The consequence of a powerful and hostile capitalist state is that the bulk of the work of transition lies beyond the point of rupture, not before it - which appears to be in contradiction to what the authors believe. They refer to the work of Soviet political economist Evgenii Preobrazhensky, who wrote about the need for “the ousting of other economic forms, the subordination of these forms to the new form, and their gradual elimination.” But as they note, “the period of contested reproduction with which he was concerned came after a revolutionary party had taken control of the state.”

“the consequence of a powerful and hostile capitalist state is that the bulk of the work of transition lies beyond the point of rupture, not before it - which appears to be in contradiction to what the authors believe.”

This, perhaps, contains the key to understanding the difference in approach. I would argue that a revolutionary party had not “taken control of the state”. Instead, the Bolsheviks led a working class uprising, which dismantled the capitalist state and replaced it with a democratic workers’ state, based on institutions of popular protagonism, namely the Soviets. 

It points to a different strategic conception - one that fits neither of the strategies (electoral focus or horizontalism) that they counterpose their approach to. That is a ruptural strategy of seeking to overturn the capitalist state through a revolution from below. An integral part of this process will be the building of an alternative power structure, which then contests with the old capitalist state for power. In other words, a period of “dual power”. 

The moment of rupture is when power passes decisively from the capitalist state to democratic institutions of workers’ power. It is primarily after that point of rupture that the economic transition can be progressed. Indeed, the revolution itself isn’t just a moment, but a vital process by which the popular masses utilise new democratic institutions to battle against the old state. This process transforms the oppressed classes and opens the door to radically reorganising the social metabolic order.

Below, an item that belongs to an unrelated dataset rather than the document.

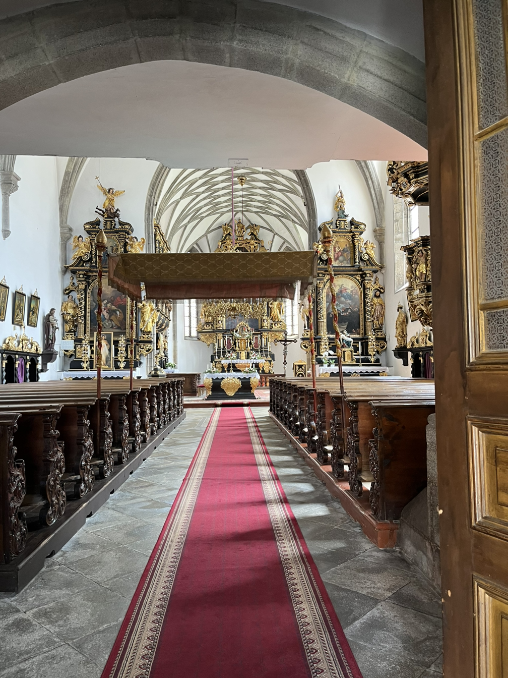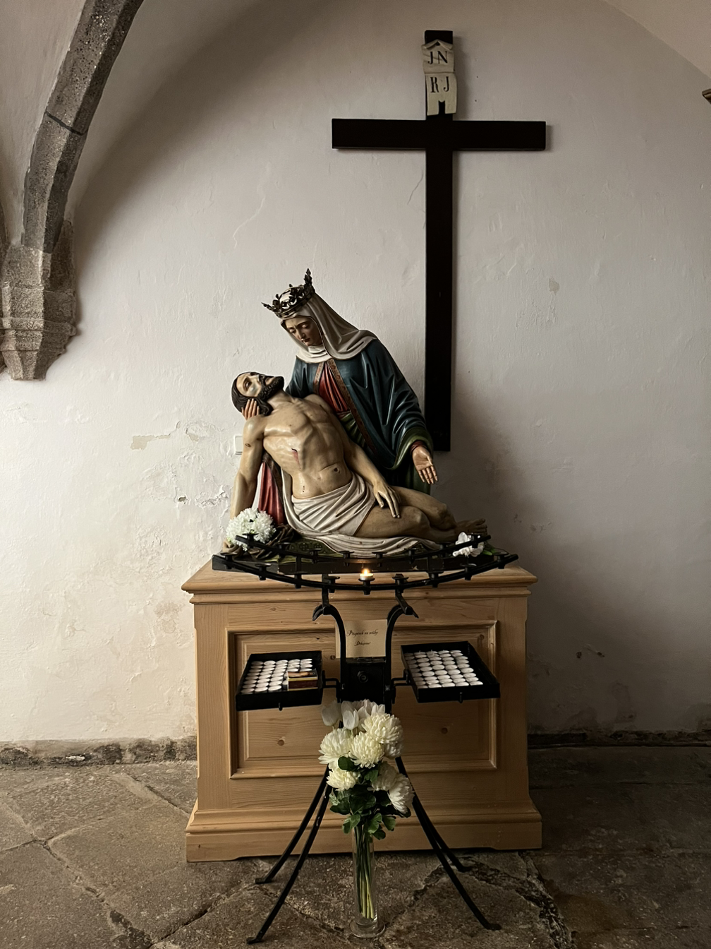 광장과 성당 그리고 단단해 보이는 성이 이곳의 볼거리이다. 성당문이 잠겨 있어서 아쉬움에 지마음이 철창문에 한참을 매달려 있다. 이제 그만 가려고 하는 순간 성당을 관리하고 계신 분이 내려오셔서 문을 열어주셨다. CCTV를 보다가 지마음이 철창문에 매미처럼 매달려 있는 것을 봤다고 하신다. 그리하여 들어간 성당 내부는 경건한 분위기이다. 작은 마을이라도 이렇게 관리를 잘 하고 있는 성당이라니. 이곳 사람들이 어떻게 성당을 생각하고 있는지 알 것 같다. 지마음은 오늘도 초를 켜고 기도를 드린다.

Lenin argued: “One of the fundamental differences between bourgeois revolution and socialist revolution is that for the bourgeois revolution, which arises out of feudalism, the new economic organisations are gradually created in the womb of the old order, gradually changing all the aspects of feudal society. The bourgeois revolution faced only one task—to sweep away, to cast aside, to destroy all the fetters of the preceding social order. By fulfilling this task every bourgeois revolution fulfils all that is required of it; it accelerates the growth of capitalism.

The socialist revolution is very different because a socialist economy cannot substantially grow within a capitalist society. The working class is, by definition, a class without ownership of the means of production. The capitalist state will seek to prevent any large-scale emergence of a socialist alternative. 

None of this is to downplay the real problems of transition that are posed by Mészaros, nor the importance of popular protagonism as advocated by Heron, Millburn and Russell. But it is to argue that the space for large-scale “contested reproduction” in advance of a revolutionary rupture is limited. Therefore, in my view, the wiser strategic wager is to build towards a mass democratic rupture. 

What that means in this moment of retreat in class consciousness and organisation is conscious day-to-day engagement in class and anti-oppression struggles. To assist in winning victories and the development of socialist consciousness and working class institutions (trade unions, parties, community organisations etc.). Within and through that work, we should always be seeking to build the forces of revolutionary Marxism, convincing the vanguard sections of oppressed people to help build a revolutionary party with deep roots in communities and the foresight for the bigger battles to come.